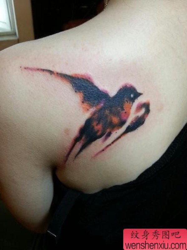 女生肩背唯美时尚的水墨小燕子纹身图案
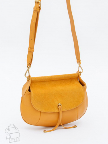 Яркая сумка, выполнена из замши. Дополнена блестящей золотистой фурнитурой. Данная модель закрывается на клапан, носится на плече. В комплекте имеется ремень с регулировкой длины. Каркас полужесткий.
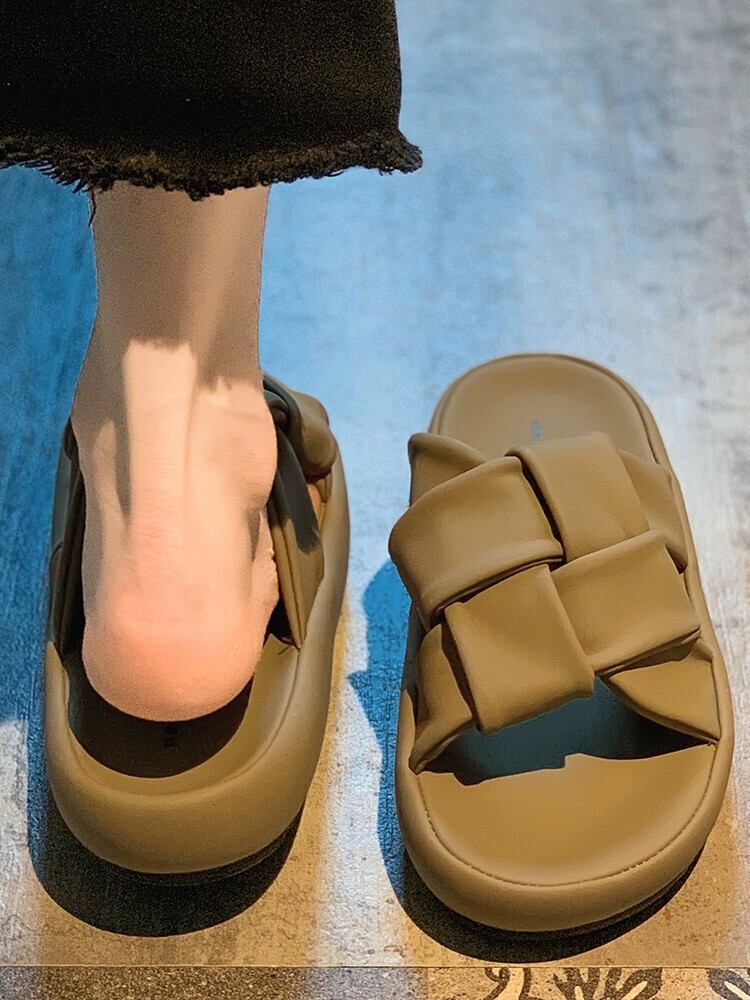 女性のスリッパ 2023 春の新ファッションオールマッチレトロ織り厚底ノンスリップ comtable サンダルとスリッパ ミュール 靴 シューズ スプリング 春物 jxjxf1729127748
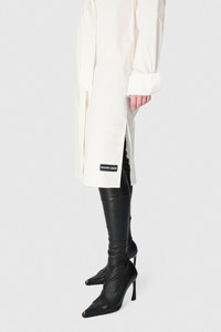 - Buttoned front - Set-in sleeves with back openings - Back belt detail in matching fabric - Marine Serre patch - Convertible open sleeves that can be fastened at the chest Materials WHITE PLAIN PERCALE 100% COTTON
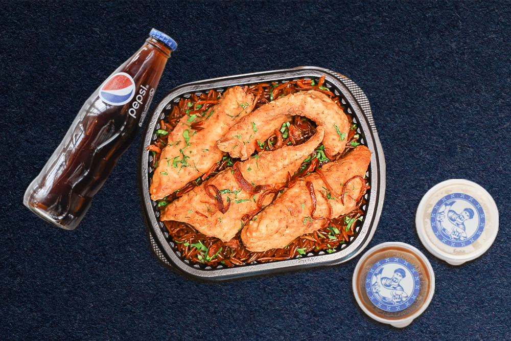 4 قطع جمبري , صيادية ، نص كيلو هامور مقلي ، شوربة ثمار البحر ، بيبسي .
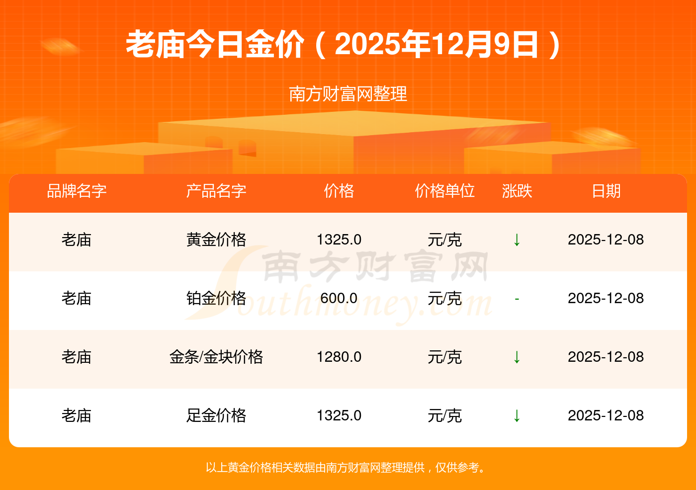 2025年12月9日老廟今日價格:金飾價格(內地)1328.0元/克,黃金飾品(香港)46610.0,鉑金飾品(香港)13990.0,金條金價(香港)42080.0,投資金條1303.0元/克,工藝金條1318.0元/克,千足金首飾1308.0元/克,投資銀條13.0元/克,黃金回購941.0元/克,白銀回購12.0元/克,千足金飾品1274.0元/克。
---
## PROBLEM STATEMENT
Output the data above in full and exactly, with every image left out.

## RESULT FOR THIS EXERCISE
 女生肩背唯美时尚的水墨小燕子纹身图案
 Яркая сумка, выполнена из замши. Дополнена блестящей золотистой фурнитурой. Данная модель закрывается на клапан, носится на плече. В комплекте имеется ремень с регулировкой длины. Каркас полужесткий.
 女性のスリッパ 2023 春の新ファッションオールマッチレトロ織り厚底ノンスリップ comtable サンダルとスリッパ ミュール 靴 シューズ スプリング 春物 jxjxf1729127748
 - Buttoned front - Set-in sleeves with back openings - Back belt detail in matching fabric - Marine Serre patch - Convertible open sleeves that can be fastened at the chest Materials WHITE PLAIN PERCALE 100% COTTON
 4 قطع جمبري , صيادية ، نص كيلو هامور مقلي ، شوربة ثمار البحر ، بيبسي .
 2025年12月9日老廟今日價格:金飾價格(內地)1328.0元/克,黃金飾品(香港)46610.0,鉑金飾品(香港)13990.0,金條金價(香港)42080.0,投資金條1303.0元/克,工藝金條1318.0元/克,千足金首飾1308.0元/克,投資銀條13.0元/克,黃金回購941.0元/克,白銀回購12.0元/克,千足金飾品1274.0元/克。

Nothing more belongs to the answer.